VD on garage submain 1.36% and for a 63A fuse with 5 second disconnect time max earth fault loop impedance is achievable at 1.07 ohms. DB in garage will be all RCBO. Garage will be a TT island

Solar and battery system not my responsibility but trying to take a holistic view on design of distribution at the supply head

Are there better ways to do this, enclosures that support cartridge fuses and circuit breakers, just go with metal CU in IP65 enclosure.

Given that the meter head is actually in an open log store next to the house I am swaying towards everything going inside a metal IP65 enclosure

Welcome your thoughts

  • I also wonder how they would handle sitting at full load for 12 plus hours with a couple of cars charging.

    KMF type switchfuses have been used for donkey's years to supply complete installations - including some with night storage heaters, which are probably as bad if not worse than EVs -  without any problems that I have heard of.

    In some ways using mcb's has it's appeal because presumably they won't generate as much heat when running close to limits. If a C curve was used what's the chance of nuisance tripping.

    MCBs have in-built thermal elements (in effect a small heater wrapped around a bimetallic strip) - so certainly not free of the self-heating problems. I'd have to check some manufacturer's data for actual figures, but I doubt it's massively better than a good HBC fuse.

    The curve type (B,C,D) doesn't make much difference at all to the overload behaviour of an MCB - the thermal response is normally the same - the difference is just the point where the 'instantaneous' magnetic trip takes over. E.g.

       - Andy.

  • ...just to add, I've done a little research -

    Lawson say their 63A BS 88-3 (BS 1361 as was) fuses dissipate between 4 and 5W (https://www.lawsonfuses.com/app/uploads/2021/09/ME-MF-Datasheets.pdf)

    while Schneider say their iC60N 63A MCB dissipates 5.6W per pole (https://ckm-content.se.com/ckmContent/sfc/servlet.shepherd/document/download/0691H00000FKkQrQAL)

    That won't directly tell you how the terminal temperatures will compare as that'll depend on how well the devices can loose heat as well, but they do seem to be in the same ball park.

    Other manufacturers and ranges may differ of course - these were just the first I found through Google.

       - Andy.

  • Andy

    Thanks for all the useful information. I am learning quite a bit from this.

    My thinking

    The curve type (B,C,D) doesn't make much difference at all to the overload behaviour of an MCB - the thermal response is normally the same - the difference is just the point where the 'instantaneous' magnetic trip takes over. E.g.

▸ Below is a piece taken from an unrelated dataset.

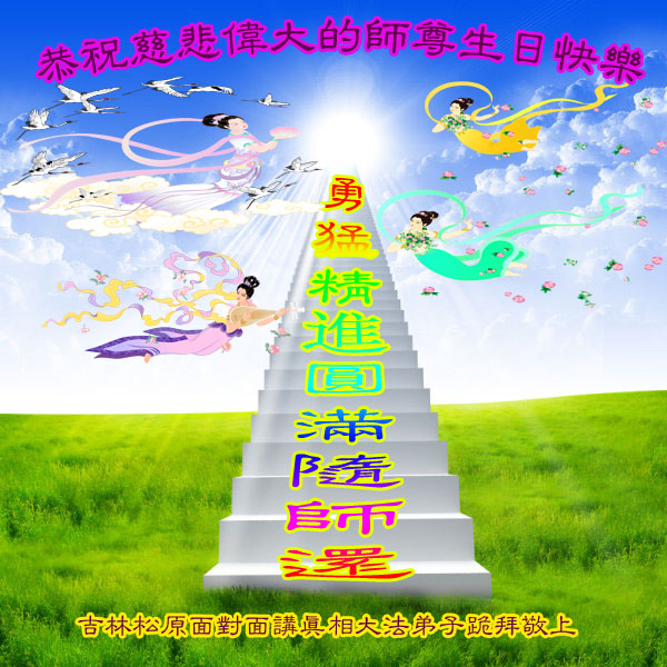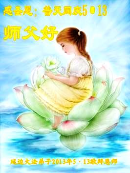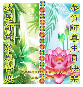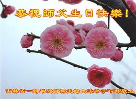 我和父親都是大法弟子,但我們遠隔千里,但我相信在師尊生日即將到來之際,他一定想向師尊祝福。我代父親向慈悲、偉大的師尊說一聲:師尊您辛苦了,師尊您生日快樂。我們會緊跟您走到最後,完成自己的史前大願。叩拜師尊。

    The circuit will be supplying 2 ev chargers, one with dynamic load limiting plus garage sockets and lighting. Most of the time it would be 2 chargers, set total load limit to 60amps on circuit and 80amps on house. It's actually very unlikely that there will be a long term overload. As you say if there is a short circuit then it could take out the final circuit and the sub main circuit breaker. Agreed a fuse on the submain would prevent this, but loosing the garage feed isn't a big deal and a circuit breaker can be easily reset.

    I just took a look at heat dissipation for Hager file:///C:/Users/alanb/Downloads/TECHINFO_MCBS.PDF. It's actually higher at 6.4 watts for 63 amp.

    I had assumed that as bi metallic strips bend in proportion to temperature they would run at lower temperatures. But I guess not and they would have far less insulation and more dissipation than a fuse.

    I now have a full understanding of why fuses are a good idea in the application. But also an appreciation that plastic enclosures for multiple fuses or circuit breakers with high ratings is probably a bad idea. Probably explains why I can't find a plastic enclosure with bus bars capable of taking 16mm cable.

    Given metal enclosures are a bad idea due to open pen issues I am going to need to go down the path of individual fused switches using something like this. With everything contained in a meter box providing plenty of space for heat dissipation.

    Still going to be interesting what the load shedding plan is going to be as I think it will turn everything on it's head again.

    But this has still been a very useful learning exercise for me.